*WHAT IS BEING ASKED:*
Among the entries below, retype exactly the lines starting with the one with "Private Lable 14K" and going on through the one with "Κομψή πασμίνα από", but not the pictures.

*RECORDS TO USE:*
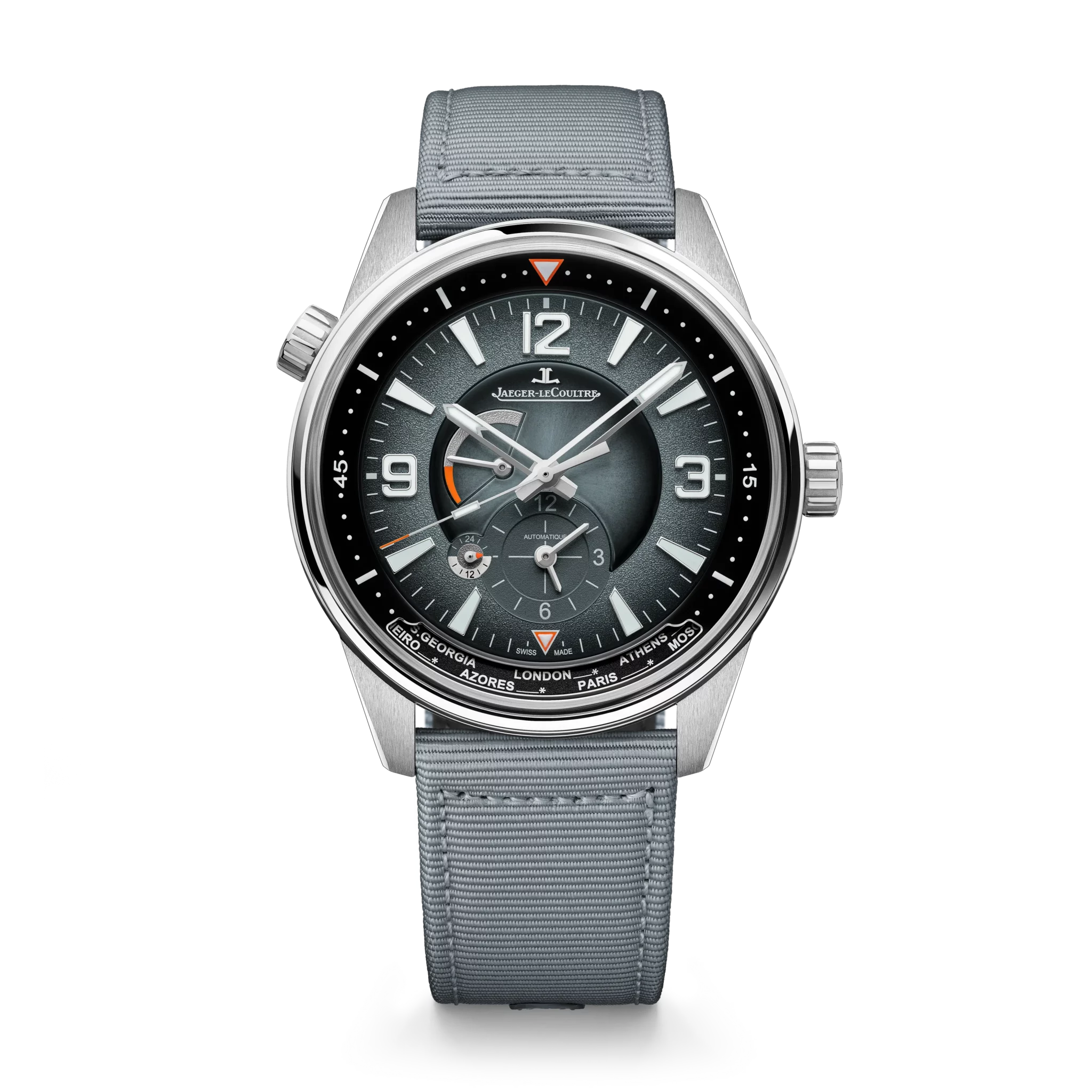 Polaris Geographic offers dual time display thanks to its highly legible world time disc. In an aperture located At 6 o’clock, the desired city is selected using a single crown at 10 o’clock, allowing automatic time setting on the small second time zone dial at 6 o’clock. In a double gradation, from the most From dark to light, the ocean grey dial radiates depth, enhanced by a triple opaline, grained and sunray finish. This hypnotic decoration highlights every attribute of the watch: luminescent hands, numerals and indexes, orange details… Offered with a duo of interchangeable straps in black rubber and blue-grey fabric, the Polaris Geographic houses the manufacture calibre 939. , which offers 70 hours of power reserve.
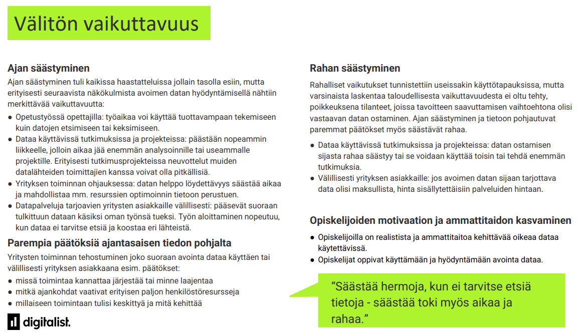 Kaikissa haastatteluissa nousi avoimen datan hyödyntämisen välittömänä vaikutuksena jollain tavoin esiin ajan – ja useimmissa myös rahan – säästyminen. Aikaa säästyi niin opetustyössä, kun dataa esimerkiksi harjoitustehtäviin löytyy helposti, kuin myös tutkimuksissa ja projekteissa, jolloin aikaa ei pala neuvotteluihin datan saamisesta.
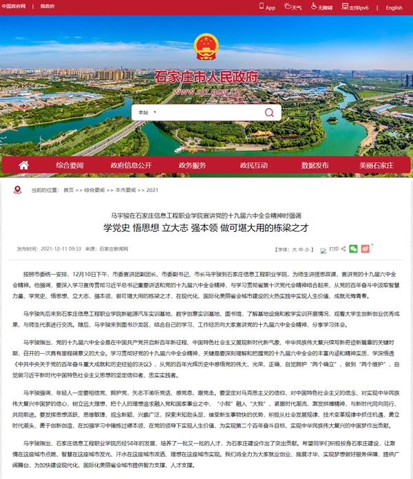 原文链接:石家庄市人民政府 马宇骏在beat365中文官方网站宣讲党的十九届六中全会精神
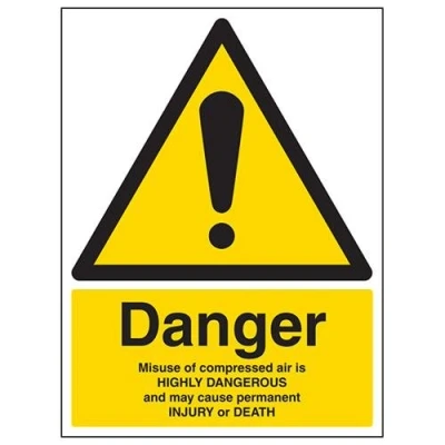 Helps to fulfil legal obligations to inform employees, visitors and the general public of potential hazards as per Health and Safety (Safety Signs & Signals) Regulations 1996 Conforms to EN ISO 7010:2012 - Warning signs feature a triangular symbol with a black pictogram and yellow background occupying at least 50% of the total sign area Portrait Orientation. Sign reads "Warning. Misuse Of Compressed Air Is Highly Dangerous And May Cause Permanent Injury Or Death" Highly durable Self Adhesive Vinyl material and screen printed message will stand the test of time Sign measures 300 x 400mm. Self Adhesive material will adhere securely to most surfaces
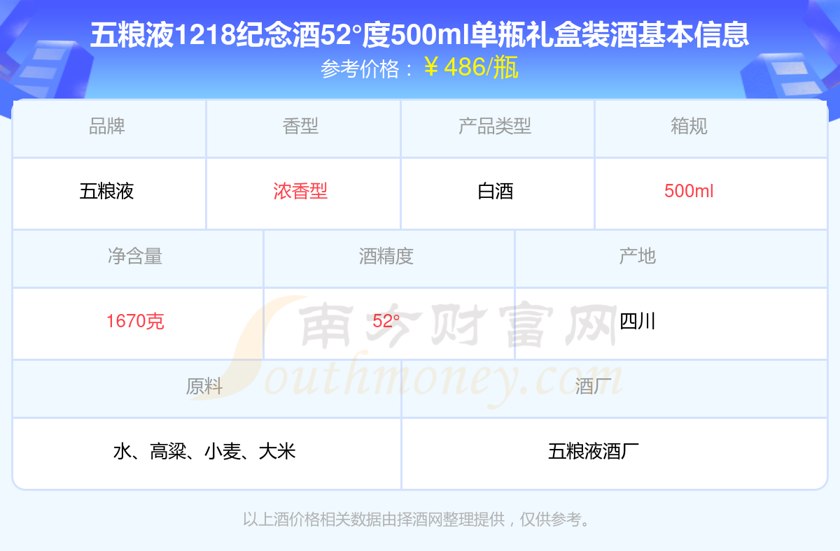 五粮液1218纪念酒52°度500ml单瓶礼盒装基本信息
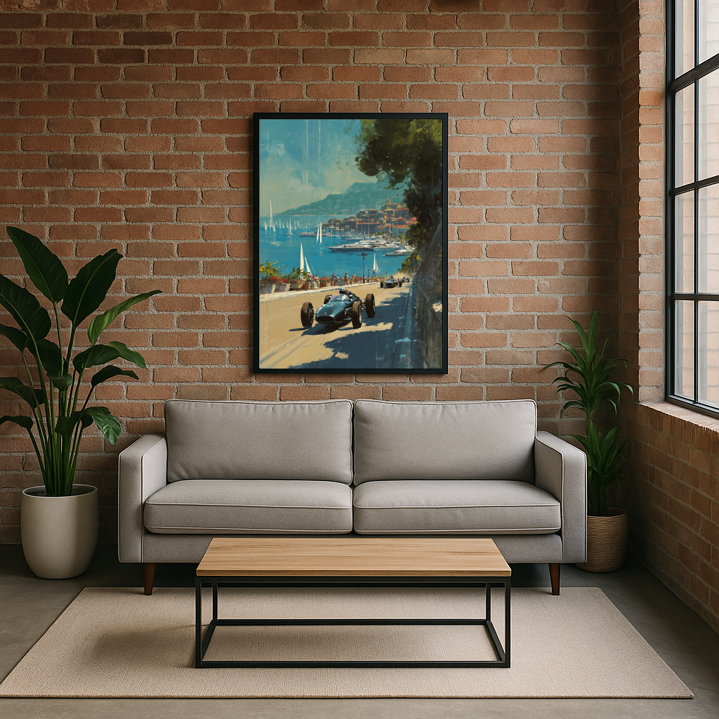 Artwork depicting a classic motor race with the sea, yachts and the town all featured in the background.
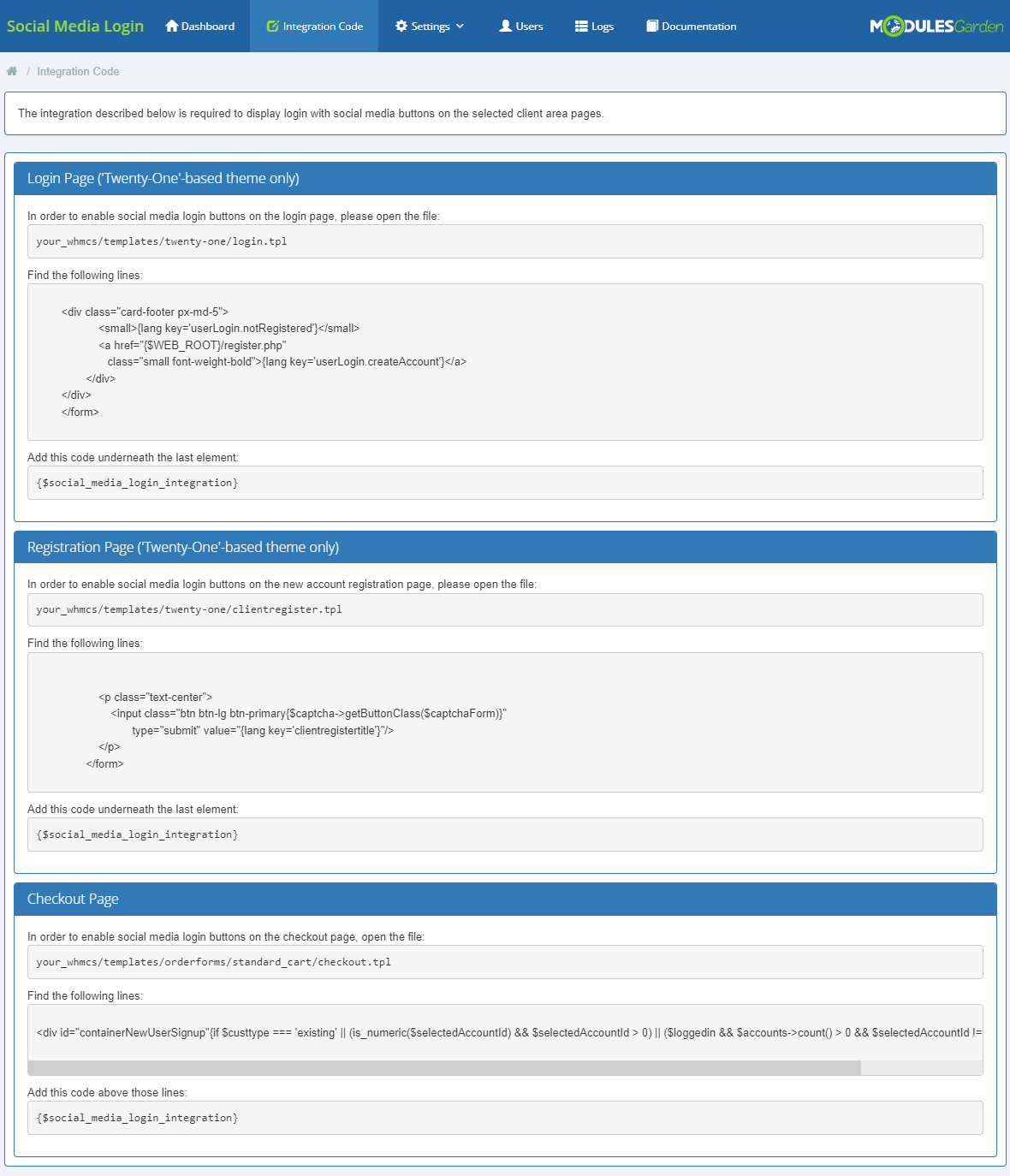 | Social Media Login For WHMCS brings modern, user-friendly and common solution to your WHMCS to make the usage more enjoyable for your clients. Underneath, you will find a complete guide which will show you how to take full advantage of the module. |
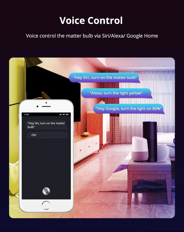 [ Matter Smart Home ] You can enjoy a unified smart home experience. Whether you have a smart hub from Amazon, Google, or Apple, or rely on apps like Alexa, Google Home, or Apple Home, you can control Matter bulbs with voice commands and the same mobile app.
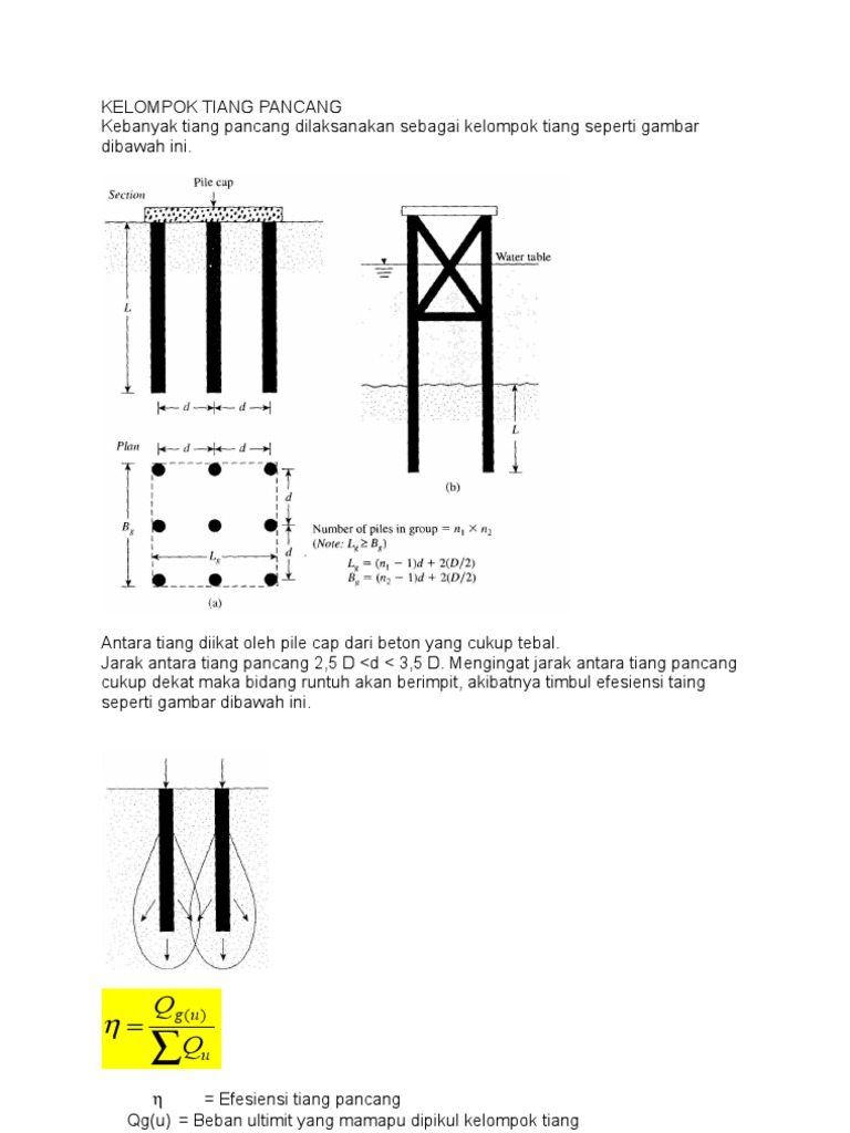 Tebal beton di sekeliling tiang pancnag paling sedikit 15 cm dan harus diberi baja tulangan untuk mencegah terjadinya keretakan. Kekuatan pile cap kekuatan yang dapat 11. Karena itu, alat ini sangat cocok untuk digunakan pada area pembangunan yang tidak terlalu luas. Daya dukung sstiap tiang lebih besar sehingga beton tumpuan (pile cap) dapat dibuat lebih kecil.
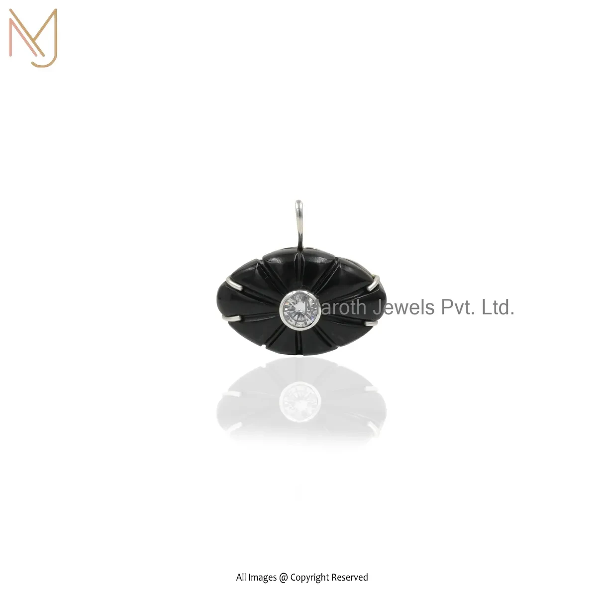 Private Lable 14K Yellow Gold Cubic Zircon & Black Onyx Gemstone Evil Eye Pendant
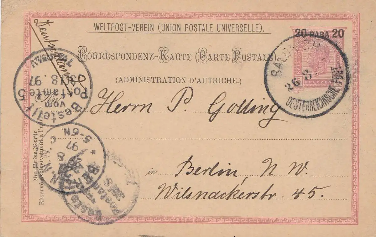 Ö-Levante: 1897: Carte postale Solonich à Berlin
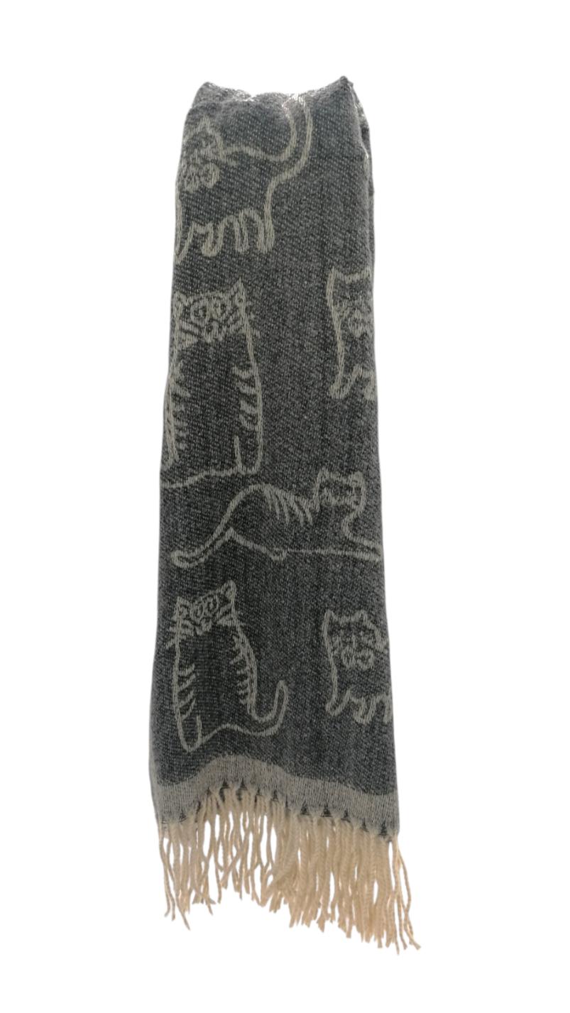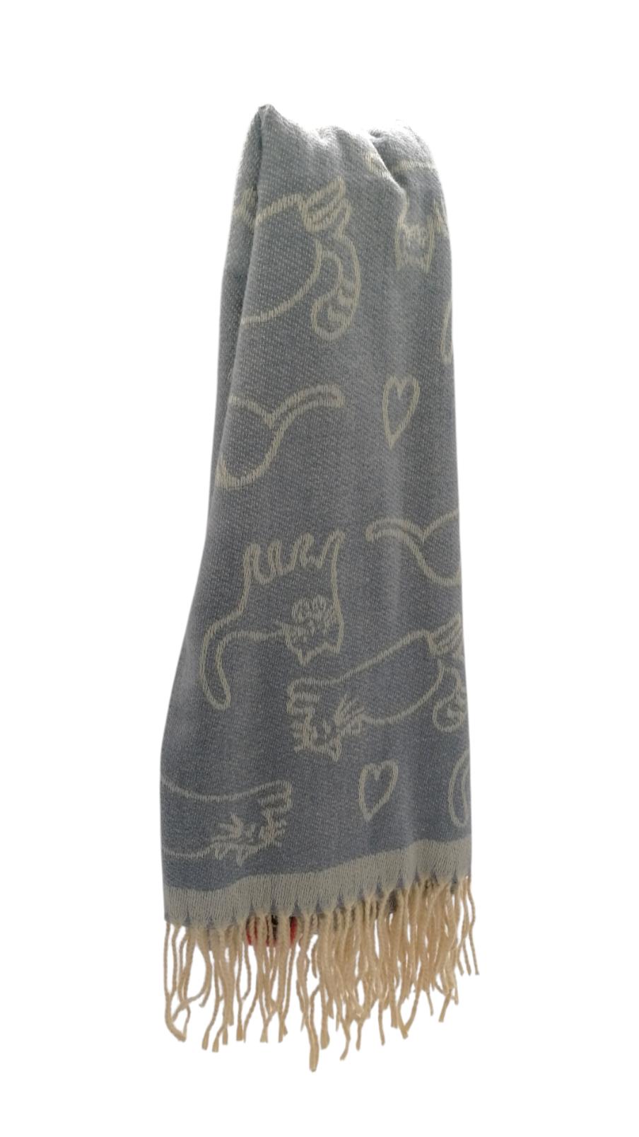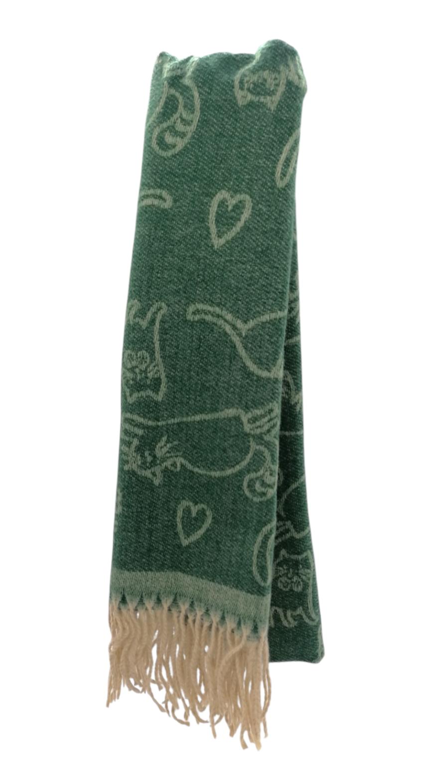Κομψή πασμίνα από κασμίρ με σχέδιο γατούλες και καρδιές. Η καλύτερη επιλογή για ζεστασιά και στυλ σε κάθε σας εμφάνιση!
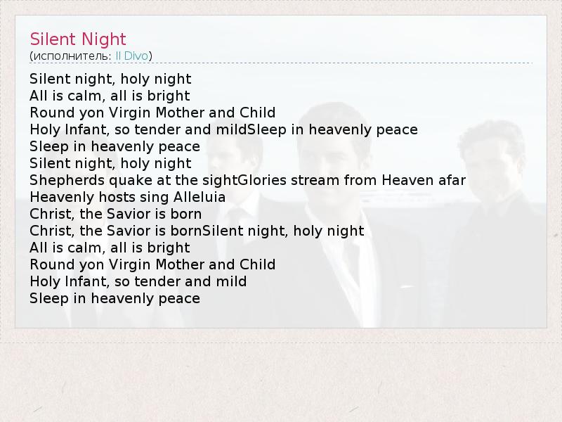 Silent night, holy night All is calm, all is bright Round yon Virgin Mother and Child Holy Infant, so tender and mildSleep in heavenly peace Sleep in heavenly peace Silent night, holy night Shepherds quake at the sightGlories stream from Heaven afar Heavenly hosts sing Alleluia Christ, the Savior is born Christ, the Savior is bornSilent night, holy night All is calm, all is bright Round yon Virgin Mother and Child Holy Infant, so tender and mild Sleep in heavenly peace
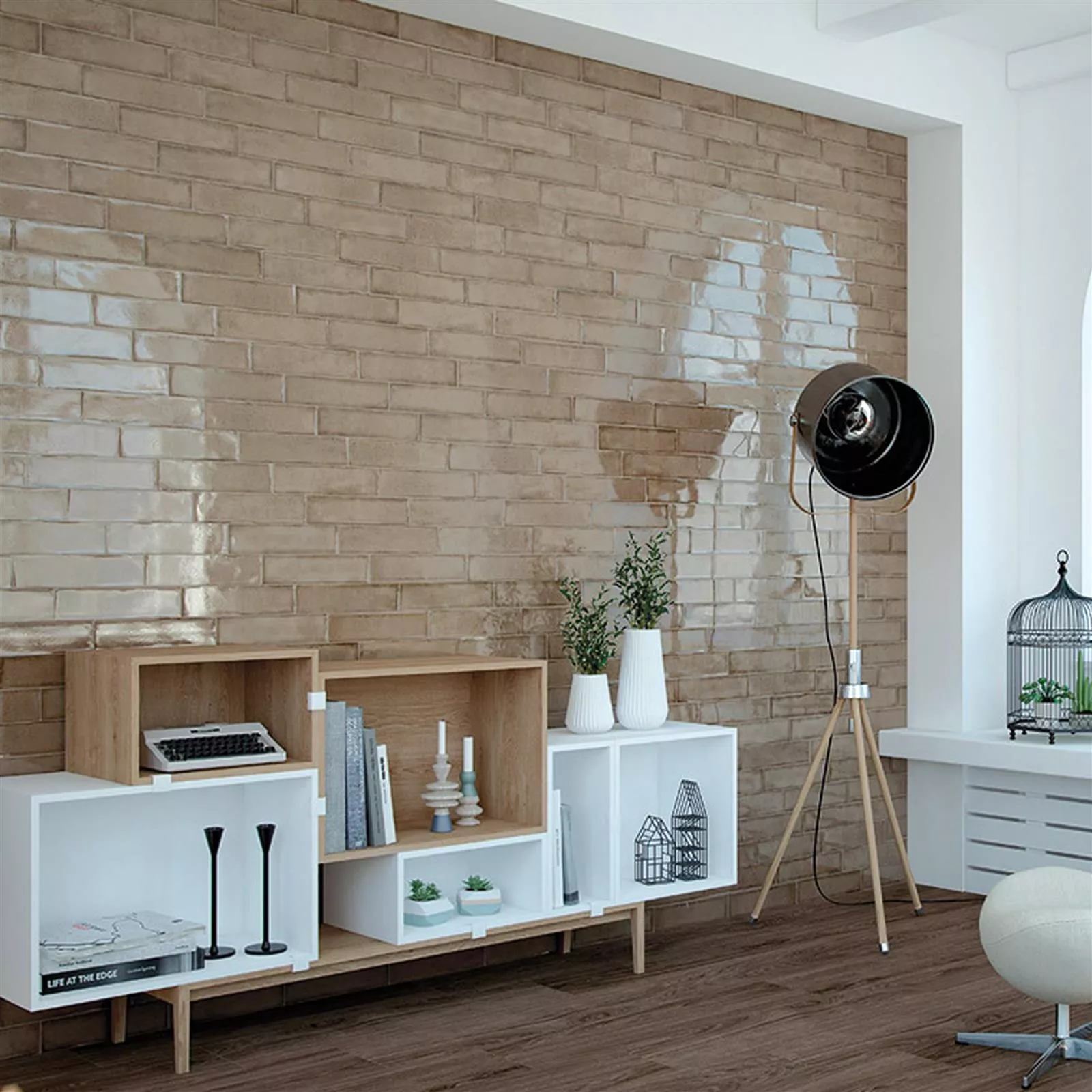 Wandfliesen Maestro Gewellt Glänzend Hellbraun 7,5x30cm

*OUTPUT OF THE TASK:*
 Private Lable 14K Yellow Gold Cubic Zircon & Black Onyx Gemstone Evil Eye Pendant
 Ö-Levante: 1897: Carte postale Solonich à Berlin
Κομψή πασμίνα από κασμίρ με σχέδιο γατούλες και καρδιές. Η καλύτερη επιλογή για ζεστασιά και στυλ σε κάθε σας εμφάνιση!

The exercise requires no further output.